Summer Paralympics appearances (overview)
- 1968; 1972; 1976–1980; 1984; 1988; 1992; 1996; 2000; 2004; 2008; 2012; 2016; 2020; 2024;

= India at the 2012 Summer Paralympics =

India competed in the 2012 Summer Paralympics in London from 29 August to 9 September 2012. The nation made its official debut at the 1968 Summer Paralympics and has appeared in every edition of the Summer Paralympics since 1984. This was India's 10th appearance at the Summer Paralympics. The Indian contingent consisted of ten athletes competing across four sports in the Paralympic Games. India won one silver medal in the competition.

== Background ==
The Paralympic Committee of India (PCI) was formed in 1994, five years after the International Paralympic Committee (IPC) was established in 1989. The ninth International Stoke Mandville Games was later designated as the first Paralympics in 1960. The International Stoke Mandeville Games Federation organized the Paralympic Games till 1984. The 1988 Seoul Paralympics was the first to use the Paralympics name and the event has been held in the same host city as the corresponding Summer Olympic Games since then.

The nation made its Paralympics debut in 1968 and have appeared in every edition of the Summer Paralympic Games since 1984. This edition of the Games marked the nation's tenth appearance at the Summer Paralympics. Jagseer Singh was the flag bearer during the opening ceremony.

The Indian contingent consisted of ten athletes, assisted by six coaches and five escorts. During the course of the Games, the support staff of the Indian team were denied accommodation in the Games Village as their permits were illegally used by the officials of the Paralympic Committee of India and their family members.

== Medalists ==
Girisha Nagarajegowda won the only medal, a silver medal in the Men's high jump F42 event.
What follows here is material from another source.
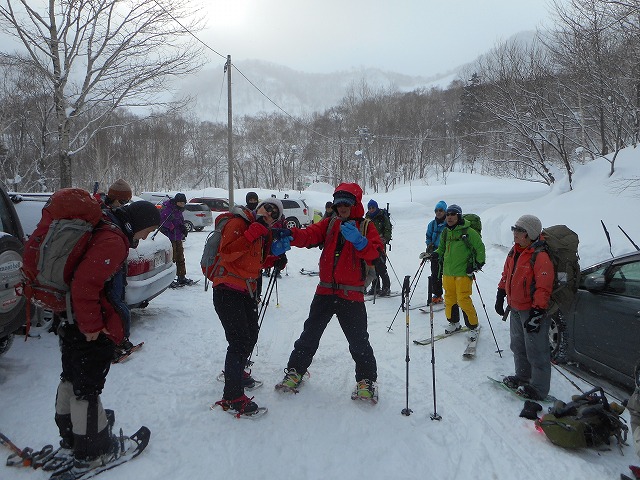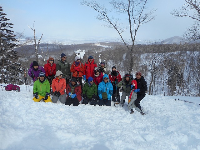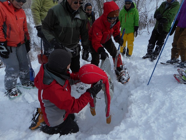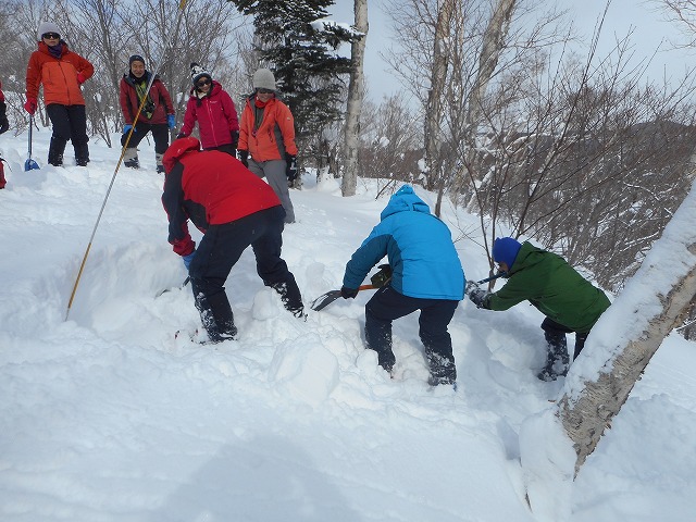 終日、主に雪崩に対するスキルを身に着けるため、雪崩れのプロMさんによる講習会が行われました。約1㎞程度歩き汗を掻きました。途中の尾根取付斜面では、雪崩れ地形やその時の行動回避を学習。さらに進み、急斜面においてCT(シャベルコンプレッションテスト)やECT(拡大角柱テスト)によるリスクマネジメントを学びました。尾根上においては、プロービングやシャベリングを習熟しました。休憩をはさみ午後から、ビーコンによる捜索方法を実施しました。実際に人とみなした人形(深雪ちゃん)を使用して、エアポートアプローチを学び下山しました。14名の皆さんお疲れさまでした。

| Medal | Name | Sport | Event | Date |
|---|---|---|---|---|
| Silver | Girisha Nagarajegowda | Athletics | Men's high jump F42 | 3 September |

== Competitors ==
The Indian contingent consisted of ten athletes competing across four sports in the Paralympic Games.

| Sport | Men | Women | Events |
|---|---|---|---|
| Athletics | 5 | 0 | 5 |
| Powerlifting | 3 | 0 | 3 |
| Shooting | 1 | 0 | 3 |
| Swimming | 1 | 0 | 4 |

== Athletics ==

| Athlete | Event | Distance | Points | Rank |
|---|---|---|---|---|
| Girisha Nagarajegowda | Men's high jump F42 | 1.74 | —N/a | 2nd place, silver medalist(s) |
| Jaideep Deswal | Men's discus throw F42 | 39.77 | —N/a | 7 |
| Amit Kumar | Men's discus throw F51-53 | 9.89 | 674 | 8 |
| Narender Ranbir | Men's javelin throw F44 | 49.50 | —N/a | 6 |
| Jagseer Singh | Men's long jump F46 | 6.42 | —N/a | 6 |

== Powerlifting ==

| Athlete | Event | Result | Rank |
|---|---|---|---|
| Farman Basha | Men's -48 kg | 150.0 | 5 |
| Rajinder Singh Rahelu | Men's -67.5 kg | NMR |  |
| Sachin Chaudhary | Men's -82.5 kg | 187.0 | 9 |

== Shooting ==

Athlete: Event; Qualification; Final
Score: Rank; Score; Rank
Naresh Sharma: Men's 10 m air rifle standing SH1; 571; 24; Did not advance
Mixed 50 m rifle prone SH1: 575; 36
Men's 50 m rifle 3 Positions SH1: 1109; 19

== Swimming ==

Sharath Gayakwad was the sole Indian representative in the swimming event of the Games. He earned a berth in men's 100m breaststroke SB8 event after winning a bronze medal in the Asian Para Games held in Guangzhou, China. Gayakwad trained for the Games under coach Mel Tantrum in Perth, Australia.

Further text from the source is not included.